Three core innovations:
1. Self-Generating Agent Topology
Problem: Static agent structures can't adapt to task requirements.
Solution: Agents dynamically create subagents based on task analysis.
Vertical Decomposition
Complex task → Analyze → Subtask 1, Subtask 2, Subtask 3
↓ ↓ ↓
Agent 1 Agent 2 Agent 3Results from paper:
- 60.2% resolved rate on CyberGym (vs 39.4% baseline)
- 20% improvement from vertical decomposition alone
- Reduced context overflow (6.4 vs 13.1 summarization events)
Horizontal Ensemble
Task → Multiple Strategies → Agent 1, Agent 2, Agent 3
↓ ↓ ↓
Results → Merge → Best SolutionResults from paper:
- 15% improvement from ensemble mechanism
- Better for tasks with multiple valid approaches
- Reduced bias from single approach
2. Dynamic Tool Synthesis
Problem: Fixed toolsets limit agent capabilities and cause hallucinations.
Solution: Agents write their own tools on-demand.
Architecture
Agent Tool Generation:
┌──────────────────────────┐
│ Tool Specification │
│ - Name, Description │
│ - Args (Zod schema) │
│ - Implementation │
│ - Dependencies │
└──────────────────────────┘
↓
┌──────────────────────────┐
│ Tool Registration │
│ - Add to tool registry │
│ - Set permissions │
│ - Create metadata │
└──────────────────────────┘Results from paper:
- 25% improvement from domain-specific toolkit
- 39 tools generated during CyberGym eval
- Tools: fuzzers, generators, validators
- Enables heterogeneous tool support
3. Hierarchical Memory Management
Problem: Linear memory is inefficient and lacks structure.

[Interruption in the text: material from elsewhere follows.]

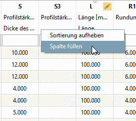 Mit Spalte füllen kann eine ganze Spalte komplett

Solution: Graph-based memory with nodes and edges.
Graph Structure
Memory Graph:
┌───────────────────────────────────────┐
│ Nodes: Entities (code, concepts │
│ Edges: Relationships (uses, creates) │
│ Embeddings: Similarity search │
└───────────────────────────────────────┘Results from paper:
- 3-5x more efficient retrieval
- 30% context efficiency gain
- Memory agent +20% compression efficiency
- Supports complex knowledge representation
Experimental Results
Benchmarks
| Benchmark | Task Type | Baseline (OpenHands) | OpenSage | Improvement |
|---|---|---|---|---|
| CyberGym | Security vuln | 39.4% | 60.2% | +52.8% |
| Terminal-Bench 2.0 | Terminal tasks | 64.7% | 65.2% | +0.8% |
| SWE-Bench Pro | Software eng | 40.2% | 59.0% | +46.8% |
Ablation Studies
Self-Generating Agent Topology
| Configuration | Resolved Rate |
|---|---|
| Full OpenSage | 60.2% |
| No Horizontal (no ensemble) | 52.6% |
| No Vertical (no decomposition) | 42.8% |
| No Feature (baseline) | 39.4% |
Key findings:
- Vertical decomposition: +20% impact
- Horizontal ensemble: +15% impact
- Combined: +35% over baseline
- Both essential for optimal performance
Tooling System
| Configuration | Resolved Rate |
|---|---|
| Full OpenSage + Domain Tools | 60.2% |
| No Tools (raw terminal) | 23.4% |
| No Domain Tools (basic tools) | 36.7% |
Key findings:
- Domain-specific toolkit: +25% impact
- Dynamic tool creation: enables specialization
- Tool management essential for heterogeneous tools
Memory System
| Configuration | Context Efficiency |
|---|---|
| Graph Memory + Memory Agent | 30% improvement |
| Graph Memory (no agent) | 15% improvement |
| Linear Memory | baseline |
Key findings:
- Graph structure: 2x efficiency
- Memory agent: +15% efficiency
- Compression critical for long sessions
Key Insights from Paper
1. AI-Centered Paradigm
Finding: LLMs can design better agent structures than humans for many tasks.
Evidence:
- Model-generated prompts often more precise
- Automatic specialization reduces cognitive load
- Task-specific tools generated on-demand
- Self-optimizing from performance data
Implication for Tachikoma:
- Enable agent generation for complex tasks
- Let models decide optimal decomposition
- Provide tools for tool creation
- Track and learn from agent performance
2. Task Decomposition Matters
Finding: Not all tasks benefit from the same approach.
Evidence:
- Sequential: Good for dependencies (API: design → models → impl)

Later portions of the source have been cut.